Baloji : "La musique me permet de traiter le désespoir avec humour"

Le 15 juin 2018 par
Baloji : "La musique me permet de traiter le désespoir avec humour"
Baloji sur les bords de la Garonne / Guillaume Schnee

Avec son hip hop métisse et fiévreux, l'artiste a enflammé le festival Rio Loco. La veille, Baloji présentait son premier court-métrage de fiction à Toulouse.

Bonjour Baloji. Vous avez présenté votre film "Kaniama Show". Depuis votre premier album Hôtel Impala vous réalisez vos clips. Par nécessité ? Par besoin de mettre en images vous-même votre musique ?

La nécessité ça toujours été de manquer de gens qui ont confiance en vous. En outre ces métiers sont très codifiés et il m'est arrivé de tomber sur des réalisateurs qui voulaient contrôler l'oeuvre, en être l'auteur et non pas comprendre ce que je voulais y signifier. C'est surtout vrai en Europe moins aux Etats-Unis où les réalisateurs sont plus des techniciens moins des auteurs.

"Kaniama Show" est une satire de la propagande télévisuelle au Congo et plus largement du soft power dans le monde.
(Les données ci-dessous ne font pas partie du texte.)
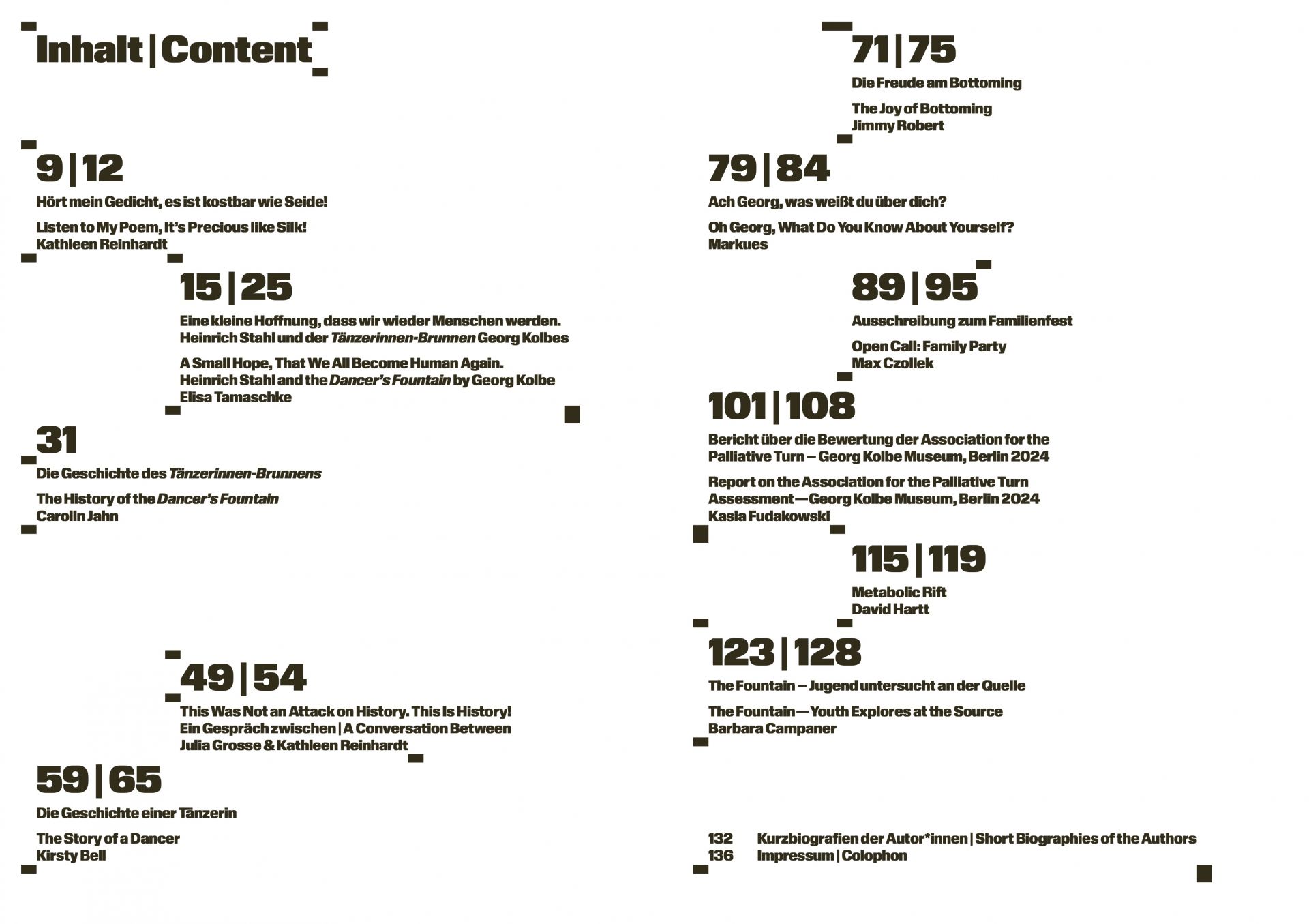 Der Brunnen / The Fountain is a monograph on Georg Kolbe’s Fountain of Dancers (1922), published by Distanz in the summer of 2025 for the seventy-fifth anniversary of the Georg Kolbe Museum in Berlin. The book traces its artistic, historical, and socio-political significance through essays, chronology, and contributions from writers and visual artists.

Oui, pour ce film j'ai beaucoup étudié les émissions dans le monde. Ce sont des codes, des messages inspirés par exemple par la télé italienne, algérienne ou même l'émission belge Bye Bye Belgium avec son faux flash info annonçant la séparation du pays en deux par un mur. C'est une démonstration par l'absurde des clichés véhiculés dans ces émissions, ce que ça raconte sur nos sociétés. Il y a quelque chose de très Belge là dedans. Nous sommes à une époque où la vérité n'est pas une option et la culture a progressivement glissé vers le divertissement, par l'idée de crier du contenu pour faire du clic sur les réseaux. Une période de vacuité preignante et étonnante à observer.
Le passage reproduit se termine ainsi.